EXERCISE REQUIREMENTS: Images in the data are to be skipped, while every line is restated exactly as written.

━━━ TASK INPUTS

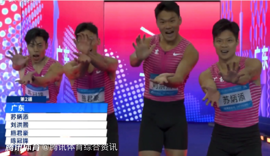 预赛中他们以39秒22位列小组第三,未能直接晋级(小组前两名直通)。通过对比其他小组非前两名队伍的成绩,广东队以“两个最好成绩第三”中排名较低的身份(总成绩第八)压线递补晋级决赛。队友透露苏炳添赛前仍到场热身,为团队加油鼓劲。
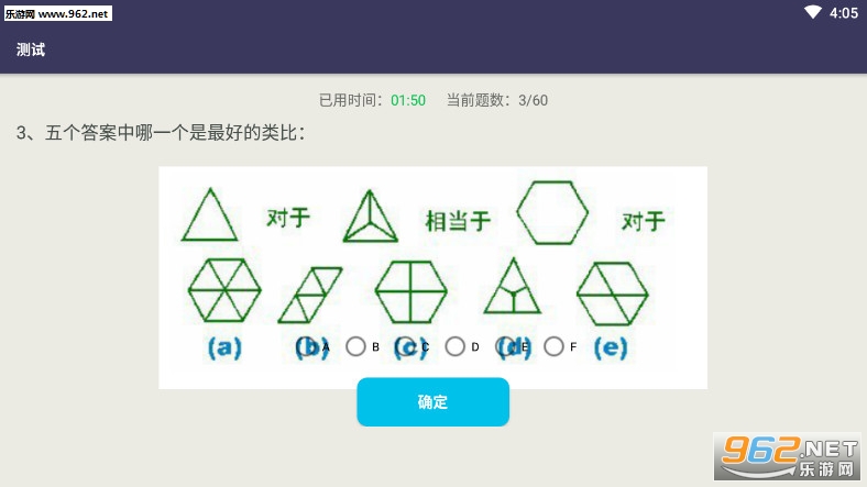趣味的智商测试软件,朋友们需要在软件中做满六十道题目,根据选择答案和自己所填写的年龄来计算你的智商,当然准不准小编就不知道了,可以测试的玩一下。
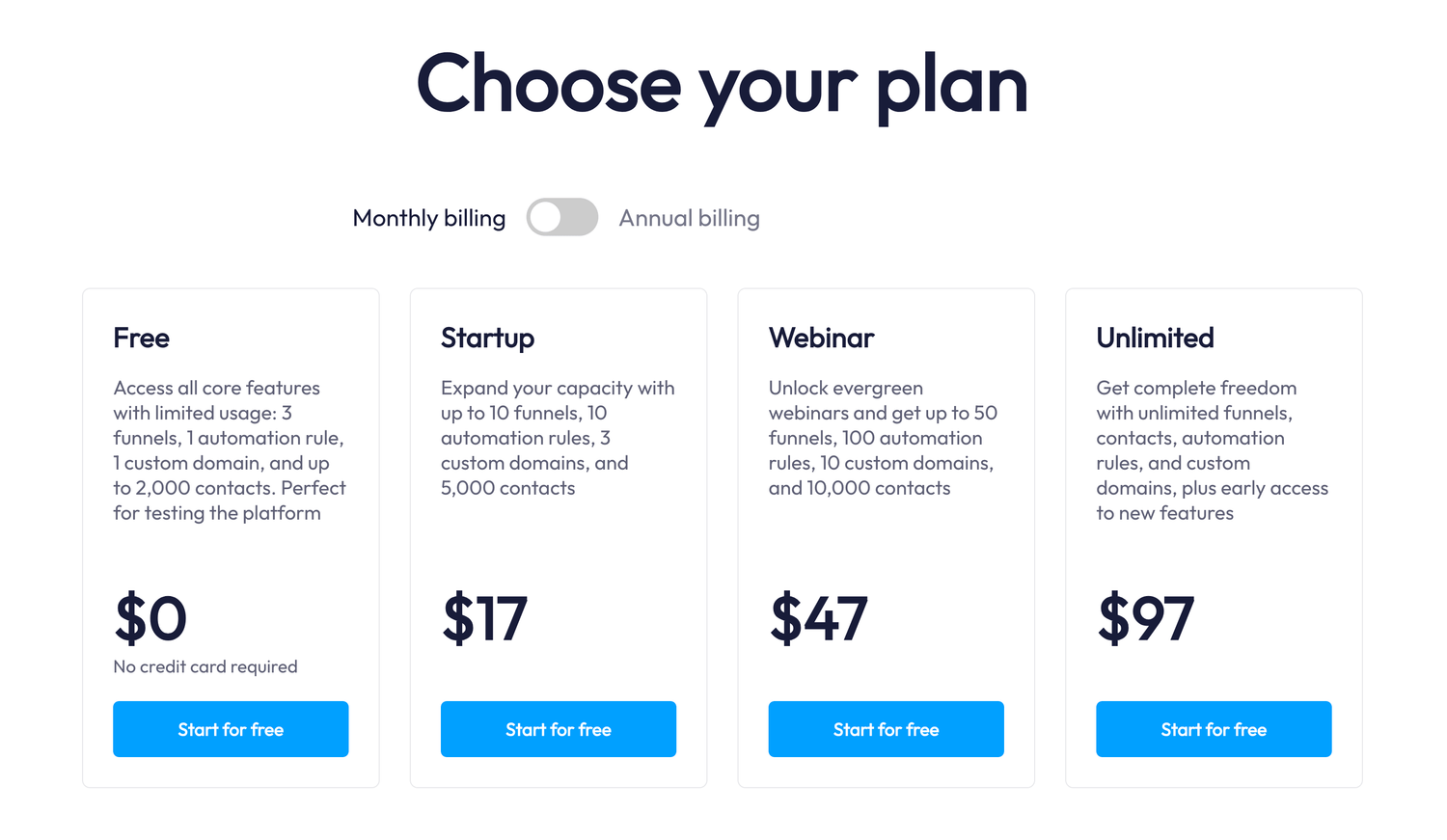 Systeme.io keeps it simple with four plans: Free, Startup, Webinar, and Unlimited. Here's the current breakdown:
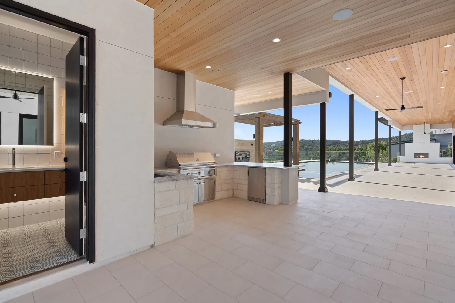 The property includes a private casita by the pool, featuring a living area, kitchenette, and full bath. The expansive pool area features a dedicated pool bath and outdoor summer kitchen, in addition to a sunken conversation area overlooking the spa and resort-sized pool.
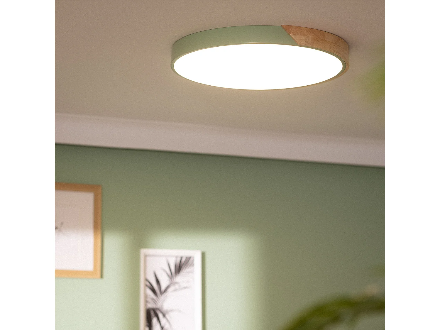 Plafoniera LED 36W Circolare Legno Ø500 mm CCT Selezionabile Semi-Dari Verde

━━━━━━

ANSWER TO THE EXERCISE:
 预赛中他们以39秒22位列小组第三,未能直接晋级(小组前两名直通)。通过对比其他小组非前两名队伍的成绩,广东队以“两个最好成绩第三”中排名较低的身份(总成绩第八)压线递补晋级决赛。队友透露苏炳添赛前仍到场热身,为团队加油鼓劲。
趣味的智商测试软件,朋友们需要在软件中做满六十道题目,根据选择答案和自己所填写的年龄来计算你的智商,当然准不准小编就不知道了,可以测试的玩一下。
 Systeme.io keeps it simple with four plans: Free, Startup, Webinar, and Unlimited. Here's the current breakdown:
 The property includes a private casita by the pool, featuring a living area, kitchenette, and full bath. The expansive pool area features a dedicated pool bath and outdoor summer kitchen, in addition to a sunken conversation area overlooking the spa and resort-sized pool.
 Plafoniera LED 36W Circolare Legno Ø500 mm CCT Selezionabile Semi-Dari Verde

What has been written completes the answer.